* [PROBLEM]:
Write out only the lines from the top of the listing below through the one with "Платье Yves Saint", exactly as they stand, while keeping pictures out of the copy.

* [DATA SHOWN]:
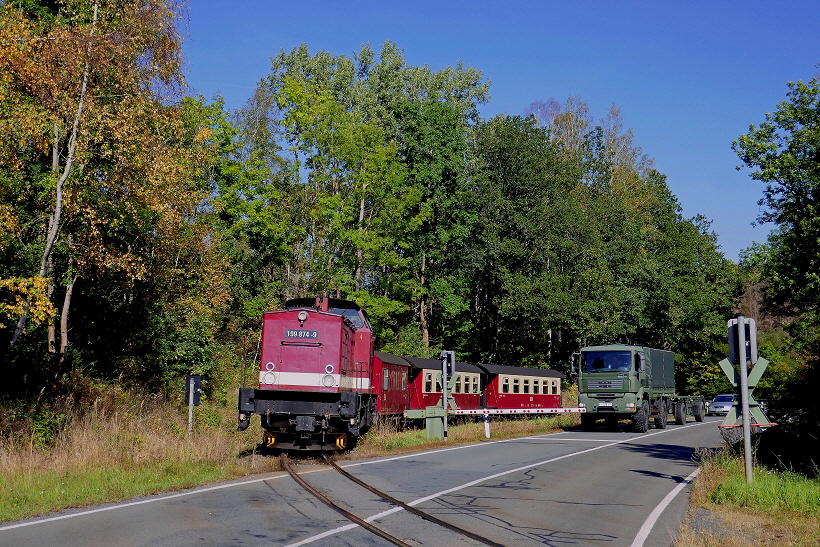 Am 01. Oktober 2020 fährt die 199 874-9 gegen Mittag geschoben von Harzgerode kommend in Richtung Alexisbad. Der Zug wird über die Bauchladen Bedienung des Lokführers (Ein-Mann Betrieb) gesteuert.
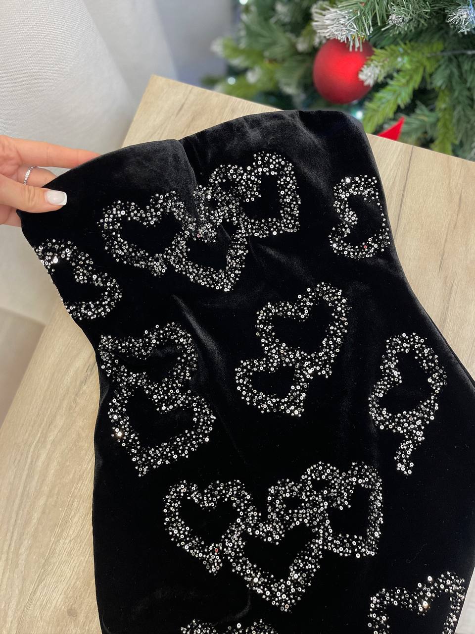 Платье Yves Saint Laurent LUX-100148 — это воплощение изысканности и стиля. Чёрное мини-платье без бретелек украшено сверкающими элементами в форме сердец, добавляя образу нотку романтики и праздника. Отделка из перьев по нижнему краю придает ему легкость и делает его идеальным выбором для вечерних мероприятий.
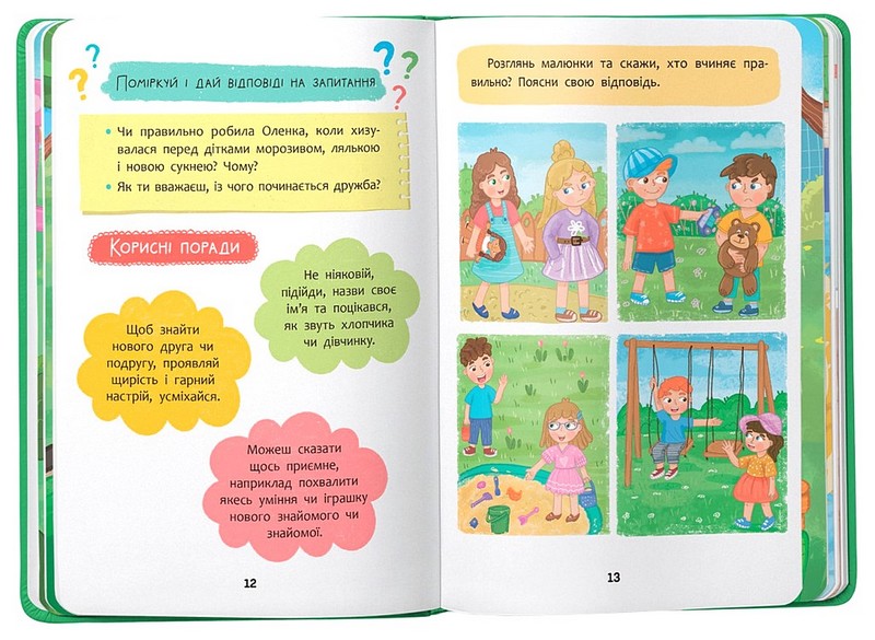 Щоб дитина росла успішною і щасливою, потрібно своєчасно та грамотно розвивати її емоційний інтелект. Уміння розуміти, приймати та екологічно виражати власні емоції та почуття допомагає дітям легше соціалізовуватися, знаходити друзів, почуватися впевнено та мати гарний настрій. Книга «Що робити, щоб знайти друзів?» підкаже дитині, як подолати сором’язливість і познайомитися з іншими дітлахами та як поводитися, щоб стати справжнім другом. До кожного оповідання подані запитання, завдання та психологічні поради, які навчать дитину розуміти та опрацьовувати власні емоції. А отже, гармонійно розвиватися, долати труднощі та почуватися комфортно за будь-яких обставин!

* [EXERCISE OUTPUT]:
 Am 01. Oktober 2020 fährt die 199 874-9 gegen Mittag geschoben von Harzgerode kommend in Richtung Alexisbad. Der Zug wird über die Bauchladen Bedienung des Lokführers (Ein-Mann Betrieb) gesteuert.
 Платье Yves Saint Laurent LUX-100148 — это воплощение изысканности и стиля. Чёрное мини-платье без бретелек украшено сверкающими элементами в форме сердец, добавляя образу нотку романтики и праздника. Отделка из перьев по нижнему краю придает ему легкость и делает его идеальным выбором для вечерних мероприятий.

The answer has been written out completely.